Greetings,
My siblings and I like to coin words. We have made some dandies too, like swavery (smooth+waves, like the motion of leaves in a light wind on a balmy day), and essence (see my article on that). One of our favorites, though, is fractalling (or fractallating as one of our friends called it). It is a principle that we first saw applied to writing a novel, but then we recognized in it a fundamental and universal principle (of course), and so we changed the name and adapted it to practically everything. (When can us Lausers ever leave anything the way we found it? We always have to make it better.
)
Fractalling is based off of a mathematical phenomenon known as a fractal (go figure). You can read an amazing article about them from this article here by Jason Lisle from Answers in Genesis. Basically a fractal is a pattern created by an endlessly repeating equation. They are found all over nature, and are programmed directly into mathematics by God at the creation of existence (at Day 1!). They are impossible to evolve at all, and yet show beauty and design that are infinite. Hmmm…..

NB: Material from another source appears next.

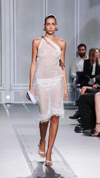 Но настоящую жизнь все же показали нам Saint Laurent и Coperni: брючный костюм может повторять складки, да и нет в этом ничего страшного и криминального — вы же носите эти брюки. А модная прозрачная комбинация так и намекает, что надета она была спросонья, когда женщине, мягко говор, нет дела до безупречной безупречности — массивные серьги и гладкий пучок решают.

Anyways, we took the noun ‘fractal’ and used it as a verb to describe the process of taking a simple idea and systematically expanding and complexifying it using simple, repeated actions until it is not only bigger and deeper, but also more organized and more detailed. This is something that you can apply to anything that you are developing, be it a program, an article, a world, a story, a scene, an essence, a website, whatever. Of course, the system will change, but the principle remains. So what you need to do is take that principle, apply it to whatever you are doing, and then systematically expand and complexify that application using simple, repeated steps until it is a big, deep, detailed, and organized method for fractalling things!
I will give an example now, since I have found that our ideas generally take a lot of explaining for you poor non-Lausers to grasp.
I will do an easy one here for you to watch, one that illustrates the principle well. I will make an island.
Alright, first I need to think abstractly of what kind of island it is. Think very abstractly, very nebulously, if you please. Now I sit down with some paper and draw a very very simple shape that fits roughly with my nebulous idea. A square.
Now, I take that square and make it fit a little more with my idea (which is not a shape by the way) by warping and shifting it a bit. I try to keep all my straight lines, but I lengthen and shorten them to make them less like the sides of a square, and more like the sides of an island. This is very rough.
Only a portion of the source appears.